A recent rulemaking tied to a White House executive order could significantly reshape fair lending standards under Regulation B, shifting enforcement toward intent-based discrimination and away from outcomes, Amanda Smith told the meeting

The resulting proposal—expected to take effect July 21 but likely to face delays and possible litigation—drew approximately 64,500 public comments, an unusually high level of feedback for a rulemaking of its kind, Smith said.

At the center of the changes is the elimination of the “disparate impact” standard, which previously allowed enforcement actions when a neutral policy disproportionately affected a protected class. Under the new rule, Smith said, that concept is removed entirely, and the bureau has explicitly stated that the Equal Credit Opportunity Act does not recognize an “effects test.”

Amanda Smith at NACUSO meeting in Orlando.

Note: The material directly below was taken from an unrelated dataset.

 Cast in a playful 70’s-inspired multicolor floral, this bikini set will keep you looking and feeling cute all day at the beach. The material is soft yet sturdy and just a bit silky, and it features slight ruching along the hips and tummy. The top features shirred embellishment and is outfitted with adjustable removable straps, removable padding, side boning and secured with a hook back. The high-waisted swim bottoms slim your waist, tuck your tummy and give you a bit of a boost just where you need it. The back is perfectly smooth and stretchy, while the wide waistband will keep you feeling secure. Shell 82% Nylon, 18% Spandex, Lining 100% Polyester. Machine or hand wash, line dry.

“That means courts cannot reinterpret the rule to bring disparate impact back in,” Smith said, adding that the framework will remain in place unless rewritten through a future rulemaking.

Narrowing of Prohibition

The rule also narrows the long-standing prohibition on discouraging applicants from seeking credit. Previously, lenders could face enforcement for statements or practices that might dissuade a reasonable person from applying. The revised standard limits liability to spoken or written statements directed at applicants or prospective applicants and tied more directly to credit decisions.

“It’s a shift away from broad interpretations and toward intent,” Smith said.

The changes also raise the liability threshold, requiring that a lender knew or should have known a statement would lead a reasonable person to believe they would be denied credit or receive less favorable terms based on a protected status.

Stricter Requirements

In addition, the rule imposes stricter requirements on special purpose credit programs, which are designed to extend credit to underserved or protected groups. Institutions using prohibited bases to define such programs would now face heightened documentation and evidentiary standards, potentially limiting their use.

Overall, Smith said, the revisions mark a significant pivot in fair lending enforcement.

“This is a move away from judging outcomes and toward focusing strictly on intent,” she said, noting that credit unions should monitor developments.